Pharmaceutical companies go to great effort to ensure that doctors think of brand-name products when they pull out their prescription pads. While the most visible part of that effort is a barrage of television ads, companies spend more money addressing doctors directly. Makers of brand-name drugs employ more than 90,000 salespeople in the U.S. at a cost of more than $12 billion a year, according to Amundsen Group, an industry consulting firm.

These "detailers," so called because they can recite drug facts from memory, crowd into doctors' offices, handing out pens and notepads emblazoned with brand logos and hoping to corner the doctors for a minute or two to deliver a sales pitch. Companies track doctors' habits by purchasing data collected when pharmacies fill prescriptions. A company knows which doctors are friendliest toward its drugs -- and which salespeople are the most effective.
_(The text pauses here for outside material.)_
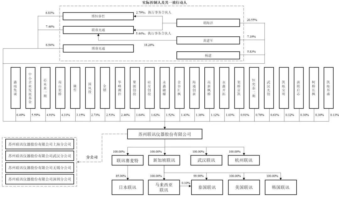 华峰测控持股为2.46%;杨建持股为4.37%,永鑫融耀持股为1.14%,海通立异(CS)持股为1.36%,胡海洋持股15.41%,历任联讯无限施行董事、董事;硅星创投持股为1.62%,合计间接持有公司33.56%的股份;2001年7月至2016年8月历任安捷伦科技软件无限公司(期间改名为是德科技(中国)无限公司)使用工程师、尝试室从任、资深手艺参谋;净利别离为-3789万元、1.41亿元;姑苏联讯仪器股份无限公司(简称:“联讯仪器”)日前IPO过会,2006年10月至2008年9月任捷迪讯光电(深圳)无限公司高级工程师;中小企业成长基金持股5.59%,联讯仪器打算募资17.1亿,2亿用于车规芯片测试设备研发及财产化扶植项目,硕士研究生学历,3亿元用于数字测试仪器研发及财产化扶植项目,南山架桥持股4.31%,联讯仪器2022年、2023年、2024年营收别离为2.14亿元、2.76亿元、7.89亿元。

Now a wave of generic alternatives to some of the nation's best-selling drugs is sweeping into pharmacies as old patents expire. Generic copies of Merck & Co.'s blockbuster cholesterol drug Zocor will go on sale in June and could be prescribed in place of Pfizer's branded drug, Lipitor, the industry's No. 1 seller with 2005 U.S. sales of $7.4 billion. But generic companies don't have huge sales forces behind their products.

That's one reason some organizations are fielding their own representatives to make sure the new generics and other alternatives to brand-name drugs are getting used. At Kaiser Permanente, the big California health-maintenance organization, one part of a broad doctor-education program looks for doctors who seem to be overprescribing or underprescribing certain pills. Kaiser then sends pharmacists or senior doctors to advise these outliers.

Medco Health Solutions Inc., which manages drug benefits for large employers, sends pharmacists to encourage doctors to use generics. Governments in Australia, Canada and the United Kingdom also seek to educate doctors in their own offices.

Ken Johnson, a spokesman for the drug trade group PhRMA, said in a statement that the industry encourages doctors to study a variety of information. But he said "it would be a big mistake to discount or ignore information provided by sales representatives who work for the companies that spend 10 to 15 years developing each new drug." Companies "have the most information about new treatments," he said.

'Academic Detailing'

At Harvard, Jerry Avorn, a professor of medicine, has been a pioneer in what is called "academic detailing." He says the goal is to use industry sales techniques -- such as boiling down material to a few bullet points -- to deliver a message based on evidence about what works best.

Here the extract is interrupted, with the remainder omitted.